I have overhead wires outside. I am not sure the age of them but I know my next door neighbour had Rogers pull a new overhead line last summer. They were having issues, I wasn't at that time.

 

That ground in my photo is grounded to the electrical panel.

 

Looking at the outside box on my wall, I dont see a ground there.
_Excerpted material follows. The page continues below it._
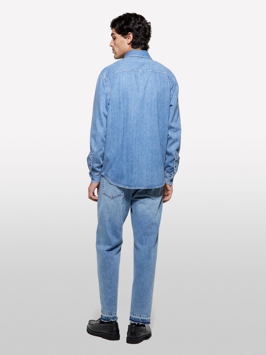 %100 Pamuk Önü 2 Cepli Regular Fit Denim Gömlek Erkek Mavi Denim Gömlek - 325P53GESQ04G

I do see two more of those F adapters in there (the box is not well sealed and I can see into it from the side). it's almost like they cut a section out and extended it again?

 

I'll see how the tech makes out tomorrow.

 

 

 

Datalink
Resident Expert
Resident Expert
Posts: 7,335

Re: Intermittent Disconnects

As long as you have a single ground point in the system you should be ok. 

 

The tech should clean up the NID tomorrow when he or she is onsite.  You should make sure that the tech knows that you have a ground block in your home and that its grounded to your electrical panel.  The tech shouldn't attempt to install yet another ground cable.  With that ground block inside of the house, the only thing required outside is a simple F-81 connector, not a cable ground block, to connect the overhead cable to the cable that runs into the house.  A cable ground block can be used but it shouldn't be grounded due to the internal house ground.  Its really nothing more than an F-81 connector with a ground point on the external shield connector. 

 

Edit:  @hansm0leman one more item, you don't have an OFDMA upstream channel running, which should be rather unusual.  The tech should pay particular attention to the downstream OFDM channel and the upstream OFDMA channel.  You should ask the tech if the neighbourhood node is configured to receive an OFDMA upstream channel, and if so, why your modem isn't running one.  Thats either a matter of the neighourhood node and CMTS configuration as in, not configured for OFDMA upstream ops, or, a problem with the cable system where its not supporting the lower 5 to 42 Mhz frequencies that the upstream OFDMA channel requires.  That might be related to the higher upstream QAM channel power levels.  Its possible that the modem has bailed out of OFDMA ops and is now running upstream QAM channels which run at a higher power level compared to the OFMDA sub-carriers.